**ASSIGNMENT**
Below are the records; copy exactly the lines from the first through the one containing "Obrázok č. 7: Ukážka", both included, and leave out the pictures.

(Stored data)
--*--
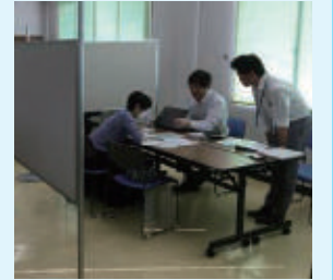
補助金申請に関する個別相談会
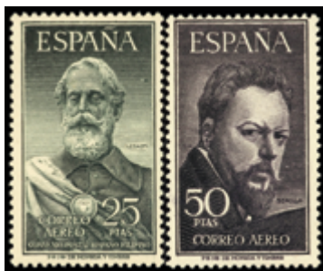
1988 80 €
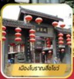
เมืองโบราณล่อซื่อ
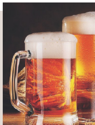
BIRRA Tre giorni di festa
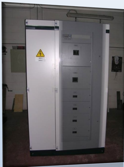
Quadro distribuzione primaria cabina da 400kva Anno 2013
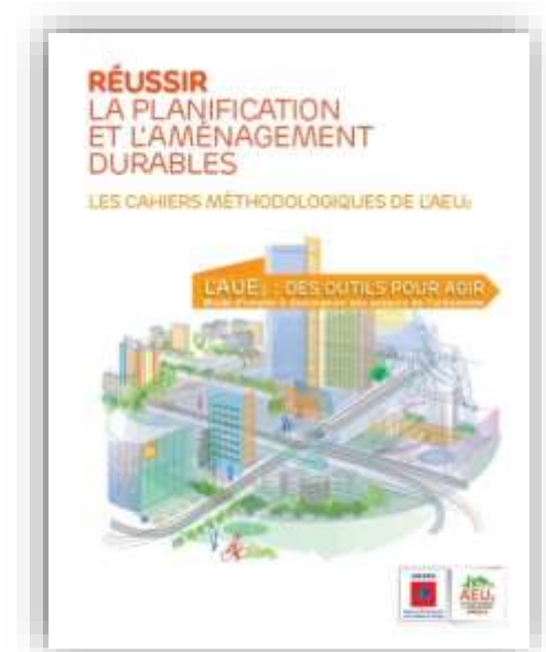
L'AEU2 : Des outils pour agir
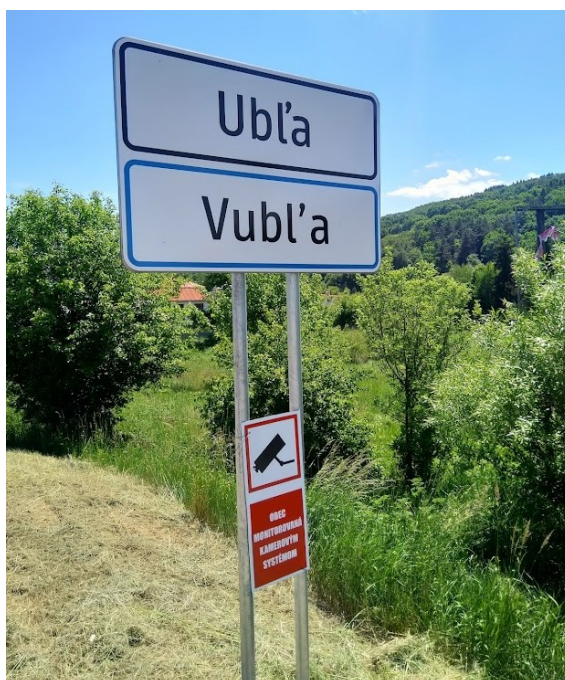
Obrázok č. 7: Ukážka dvojazyčného značenia obce Ubl'a

Vláda tiež v maximálnej miere poskytuje relevantné informácie v jazyku menšín internetovou formou. Či už prostredníctvom stránky Úradu splnomocnenca vlády SR pre národnostné menšiny, alebo pomocou internetového právneho a informačného portálu MV SR, kde sú zverejnené vybrané právne predpisy v jazykoch národnostných menšín. Pre transparentné poskytovanie informácií v jazyku národnostných menšín a kvôli udalostiam posledných rokov, bola vytvorená aj rusínska verzia stránky korona.gov.sk , ktorá poskytovala všetky dôležité a aktuálne informácie o ochorení COVID-19 a o prijímaných opatreniach.
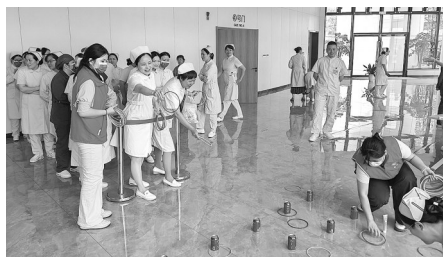
福建医科大学吴孟超纪念医院(孟超肝胆医院)护士节当天,组织趣味游园活动。
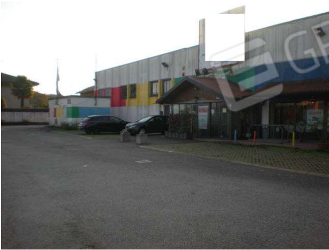
Foto 2 facciata nord
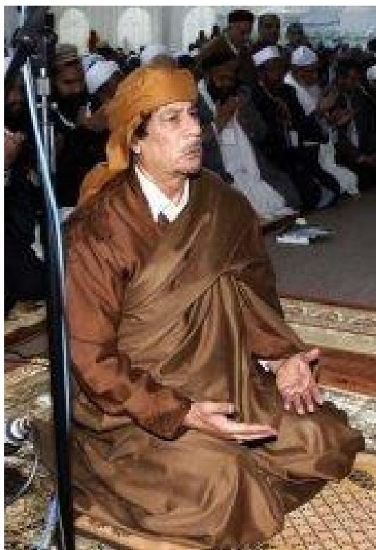
Le colonel Kadhafi à Tripoli, le 13 février 2011
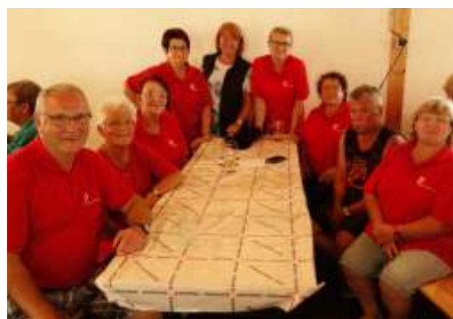
Spiel. Wettbewerb in Nettingsdorf
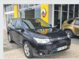
Mitsubishi Outlander 2.2 DID 150cv 7L 2014.....24.450€
--*--
**OUTPUT**
補助金申請に関する個別相談会
1988 80 €
เมืองโบราณล่อซื่อ
BIRRA Tre giorni di festa
Quadro distribuzione primaria cabina da 400kva Anno 2013
L'AEU2 : Des outils pour agir
Obrázok č. 7: Ukážka dvojazyčného značenia obce Ubl'a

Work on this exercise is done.